Re: Detecting encoding in Plain text

From: Peter Kirk (peterkirk@qaya.org)
Date: Mon Jan 12 2004 - 07:14:09 EST

Next message: Philippe Verdy: "Re: Detecting encoding in Plain text"

Previous message: jon@hackcraft.net: "RE: Detecting encoding in Plain text"
In reply to: Marco Cimarosti: "RE: Detecting encoding in Plain text"
Next in thread: Philippe Verdy: "Re: Detecting encoding in Plain text"
Reply: Philippe Verdy: "Re: Detecting encoding in Plain text"
Messages sorted by: [ date ] [ thread ] [ subject ] [ author ] [ attachment ]
Mail actions: [ respond to this message ] [ mail a new topic ]

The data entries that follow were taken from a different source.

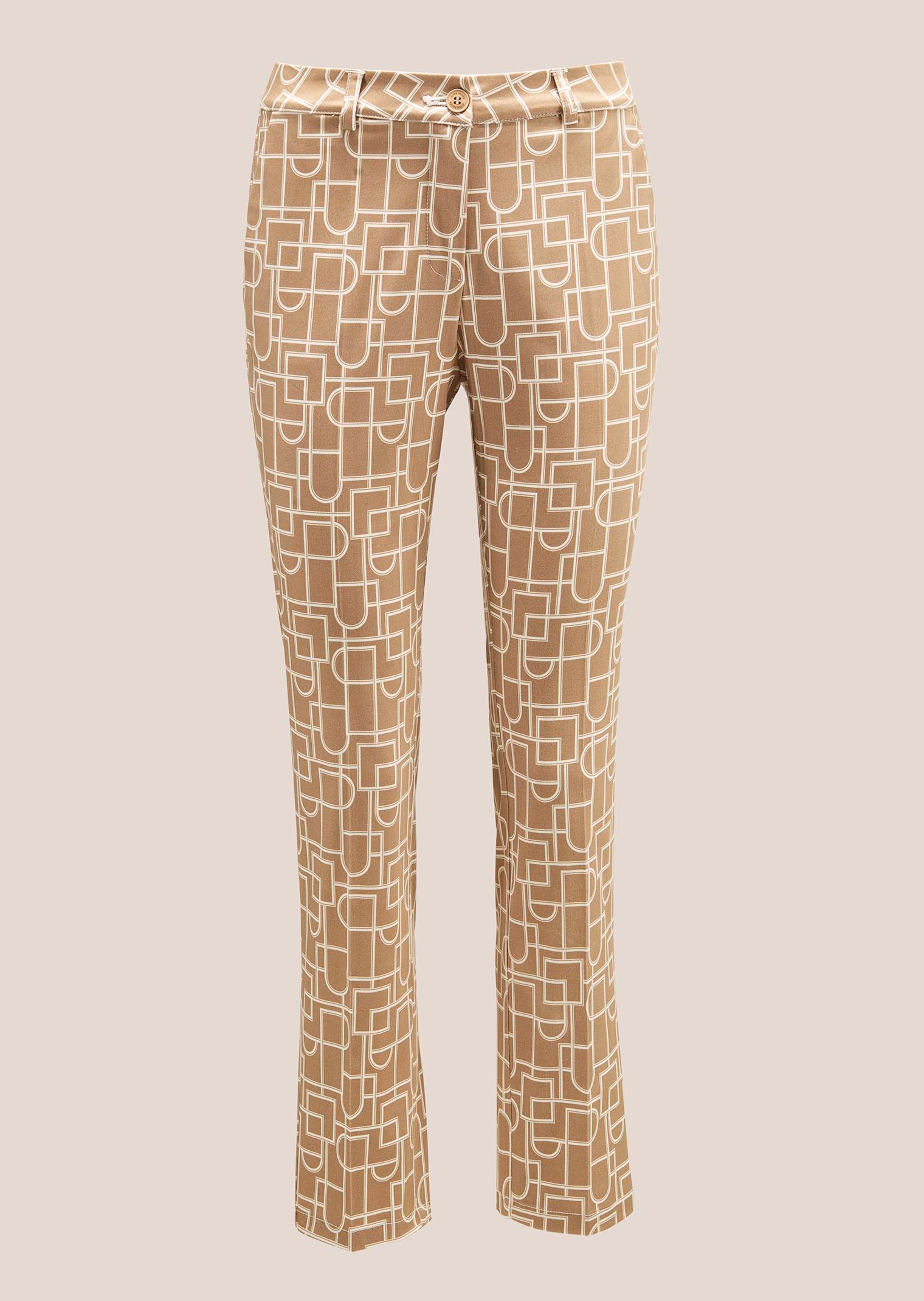 Sind Sie auf der Suche nach einem stilvollen Begleiter für sommerliche Anlässe? Unsere Druckhose vereint Vielseitigkeit und Eleganz in einem Kleidungsstück. Mit ihrem ansprechenden grafischen All-Over-Print ist sie ein echter Blickfang und verleiht jedem Outfit eine frische Note. Dank des Formbunds inklusive Gürtelschlaufen sitzt sie perfekt. Mit praktischen Schubtaschen und Reissverschluss. Die schmale Passform aus hochwertiger Baumwoll-Stretch-Ware sorgt für eine bequeme und schmeichelhafte Silhouette. Die knöchellange Hose ist die perfekte Wahl für verschiedene Anlässe im Sommer. Egal ob für einen warmen Tag im Büro, einen Stadtbummel mit Freunden oder ein sommerliches Abendessen im Freien - mit der Druckhose sind Sie immer perfekt gestylt.
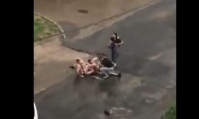 Un grup de tineri a fost filmat cum se bat într-o băltoacă în capitală.
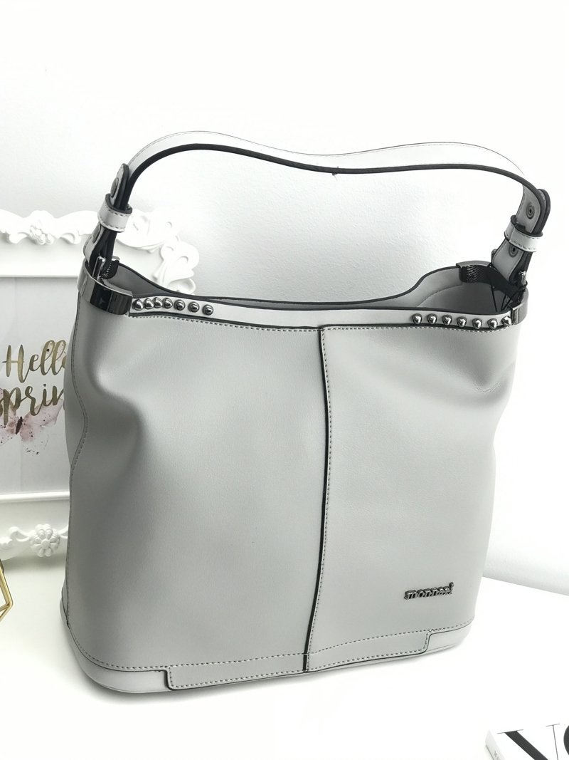 Wykonana z ekoskóry torba damska typu shopperka, średniej wielkości, mieszcząca A4. Torebka zdobiona połyskującymi ćwiekami i metalowymi okuciami. Wnętrze torby z jasną podszewką, otwartymi przegródkami i kieszenią na dokumenty. Z tyłu torby kieszonka na telefon. Polecamy ten model jako dodatek do miejskiej stylizacji.
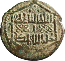 السلطان الملك المجأهد سيف الاسلام علي بن داود, Hawk to left centre, enclosed by hexalobe, enclosed by Arabic inscription anti-clockwise, enclosed by linear circle, enclosed by Arabic inscription anti-clockwise in margin, all enclosed by linear and pointillate circles

On 12/01/2004 03:09, Marco Cimarosti wrote:

> ...
>
>It is extremely unlikely that a text file encoded in any single- or
>multi-byte encoding (including UTF-8) would contain a zero byte, so the
>presence of zero bytes is a strong enough hint for UTF-16 (or UCS-2) or
>UTF-32.
>
>
>
Is it not dangerous to assume that U+0000 is not used? This is a valid
character and is commonly used e.g. as a string terminator. Perhaps it
should not be used in truly plain text. But it is likely to occur in
files which are basically text but include certain kinds of markup.

>... This is due to the fact that, in any language, shared characters in
>the Latin-1 range (controls, space, digits, punctuation, etc.) should be
>more frequent than occasional code points of form <U+??00>. ...
>
This one also looks dangerous. Some scripts include their own digits and
punctuation; not all scripts use spaces; and controls are not
necessarily used, if U+2028 LINE SEPARATOR is used for new lines. But
there may be some characters U+??00 which are used rather commonly in a
particular script and so occur commonly in some text files.

-- 
Peter Kirk
peter@qaya.org (personal)
peterkirk@qaya.org (work)
http://www.qaya.org/

Next message: Philippe Verdy: "Re: Detecting encoding in Plain text"
Previous message: jon@hackcraft.net: "RE: Detecting encoding in Plain text"
In reply to: Marco Cimarosti: "RE: Detecting encoding in Plain text"
Next in thread: Philippe Verdy: "Re: Detecting encoding in Plain text"
Reply: Philippe Verdy: "Re: Detecting encoding in Plain text"
Messages sorted by: [ date ] [ thread ] [ subject ] [ author ] [ attachment ]
Mail actions: [ respond to this message ] [ mail a new topic ]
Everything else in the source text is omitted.